I was expecting good things from Wherever You Go There You Are: Mindfulness Meditation in Everyday Life by Jon Kabat-Zinn. He is the developer of mindfulness-based stress reduction (MBSR) therapy, and a founding director of the Center for Mindfulness at the University of Massachusetts Medical School. This book was a best-seller, yet it managed to fall short of my expectations.
Things started off well. I appreciated the lightheartedness of such comments as meditation “does not involve becoming some kind of zombie, vegetable, self-absorbed, narcissist, navel gazer, [or] space cadet”. The book was laid out in a way that aimed to provide quick and easy access to the fundamentals of mindfulness meditation, with the message that anyone can meditate. However, for me the book didn’t live up to the goal of making mindfulness meditation more accessible, and to be honest I was very tempted to give up partway through.
The book was more focused on formal meditation practice than I was expecting. The author writes about sitting to meditate not simply as the physical act of sitting but as a sort of profound capital-S Sitting. I’ve heard that use of the term before and it has always somehow struck me as a tad pretentious. Walking meditation was also covered, with a lot of attention given to a formal practice that involves walking back and forth focusing on the motions of walking. I was disappointed by this, as one of my favourite ways to be mindful is to go out for walks and pay attention to the many small beauties of nature. At the stress reduction clinic where the the author practices, they have clients do an introduction to lying meditation that involves a 45 minute body scan while lying down, which is fine, but I don’t think that it’s something that’s necessarily a draw for people who aren’t wanting to make a considerable commitment to formal meditation practice.

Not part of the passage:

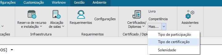 O cadastro que será apresentado a seguir está localizado no “Módulo Educacional- Educacional” aba “Atividades Acadêmicas” opção “Mais- Tipos de Certificação”

There were some very good suggestions, including trusting your own ability to reflect and grow and being generous to yourself and others. Kabat-Zinn explains that it’s possible to find understanding and transformation in the present moment. He wrote “You cannot escape yourself, try as you might”. A variety of metaphors were used that seemed quite intuitive, such as you can’t stop the waves but you can learn to surf, and awareness is like a pot that is able to contain strong emotions. Other metaphors made less sense to me, like the idea that we are dancing mountains or that parenting is like an extended meditation retreat, with the child as the Zen master. He also likened sitting with our breathing to sitting by an open fire back in the caveman days.
At times the book tends to venture into more obscure territory, and this is where it really lost me. The author suggests contemplating “what is my Way?” as part of meditation practice, and adds that “as a human being, you are the central figure in the universal hero’s mythic journey.” A quirk that irritated me slightly was his apparent love-on for Henry David Thoreau’s book Walden, which is quoted frequently. I’m not familiar with that book, and am really not sure why I’m supposed to care about it.
I think my view on the book would have been different had I been looking for something heavily focused on formal meditation. However, that’s just not the way that I’m wanting to incorporate mindfulness into my everyday life. I’m not someone who has any desire to go to a silent meditation retreat; that’s not how I choose to go about my inwardly and outwardly mindful journey.
I will leave you with this sentence from the afterword, which I think really captures the book as a whole: “Can we realize that wherever we go, there we are and that this ‘there’ is always ‘here’ and so requires at least acknowledgment and perhaps a degree of acceptance of what is, however it is, because it already is?”